**Records from a data collection:**
■ ■ ■ ■

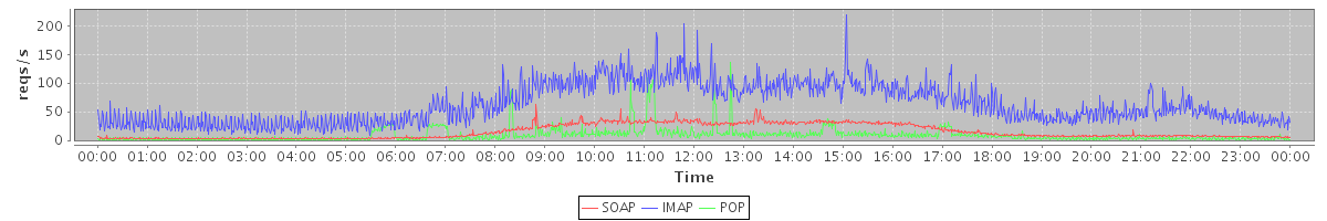 Host zm08.stanford.edu: Mailboxd: Request Rate by Client Protocol
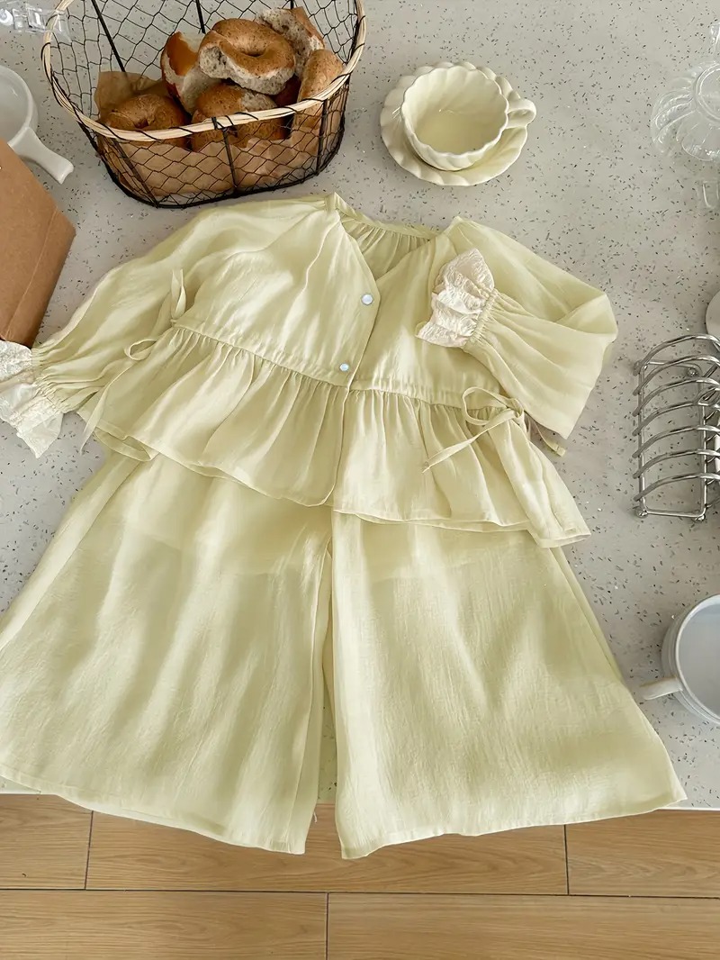 - 2pcs Set Girls’ Summer New Style Ruffle Shirt and Wide Leg Pants
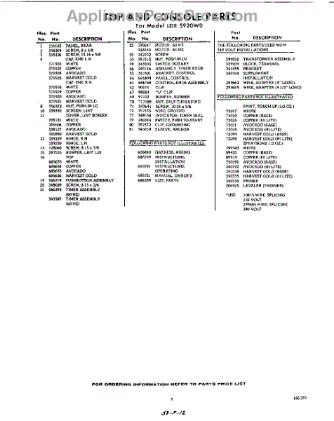 Parts for Whirlpool LDE5920W0: 03 - Lit / Optional Parts
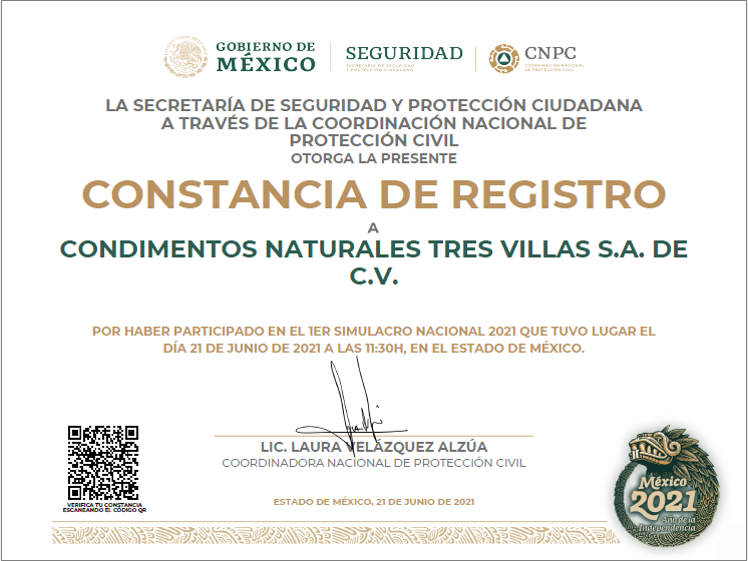 Constancia Nacional por participar en el 1er  Simulacro Nacional
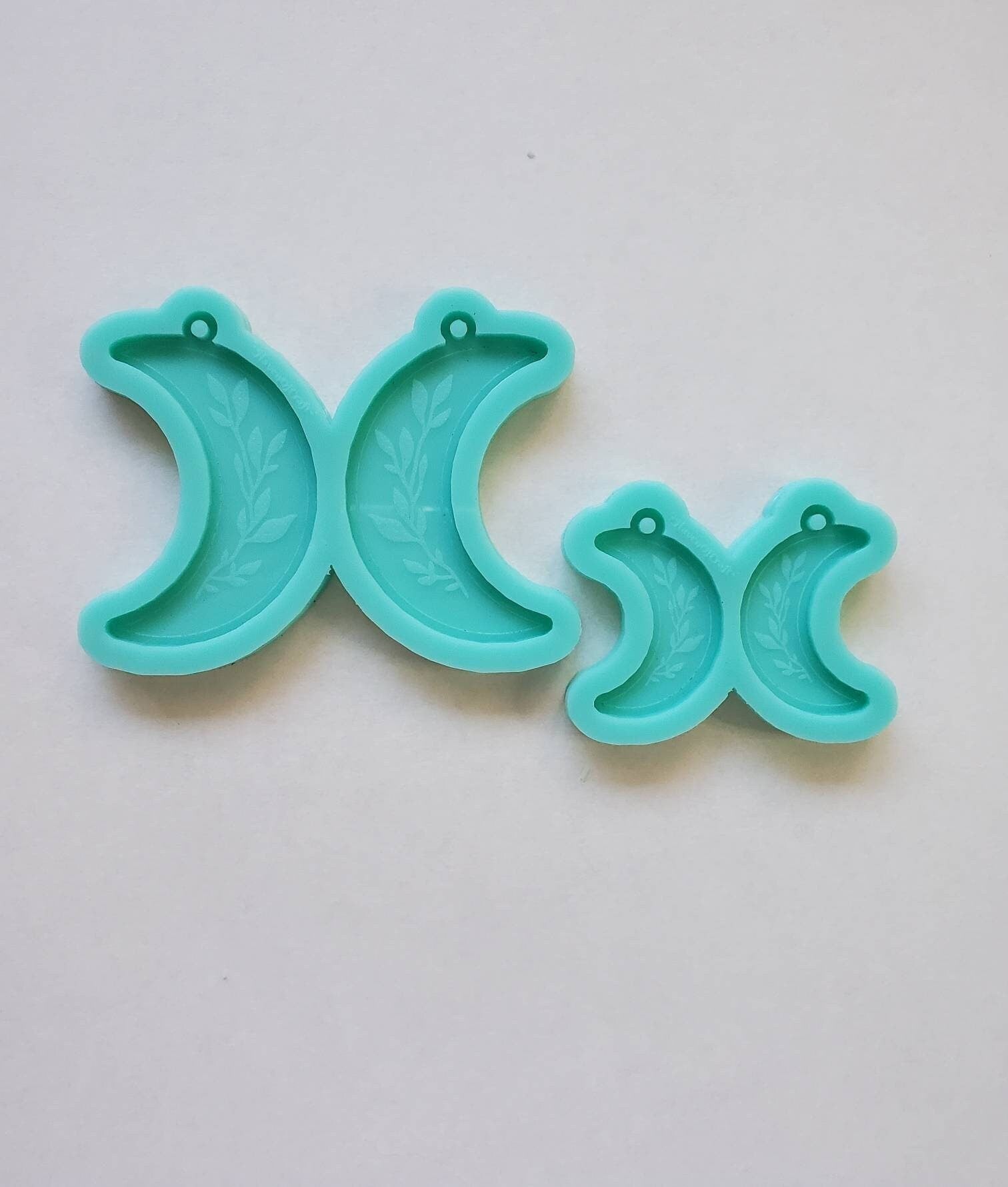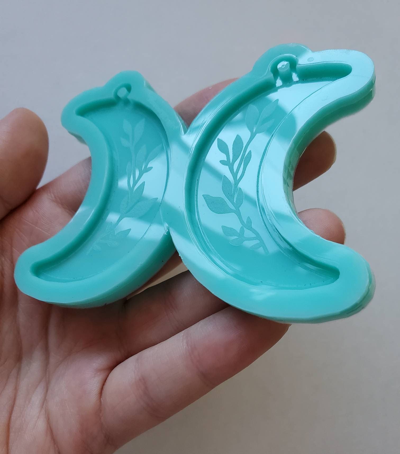 Made to order -Shiny thin moon with leafs earring mold- 2 size available

■ ■ ■ ■

Print only the lines from the line that contains "- 2pcs Set Girls’" to the final line of the data, inclusive. Pictures stay out.

 - 2pcs Set Girls’ Summer New Style Ruffle Shirt and Wide Leg Pants
 Parts for Whirlpool LDE5920W0: 03 - Lit / Optional Parts
 Constancia Nacional por participar en el 1er  Simulacro Nacional
 Made to order -Shiny thin moon with leafs earring mold- 2 size available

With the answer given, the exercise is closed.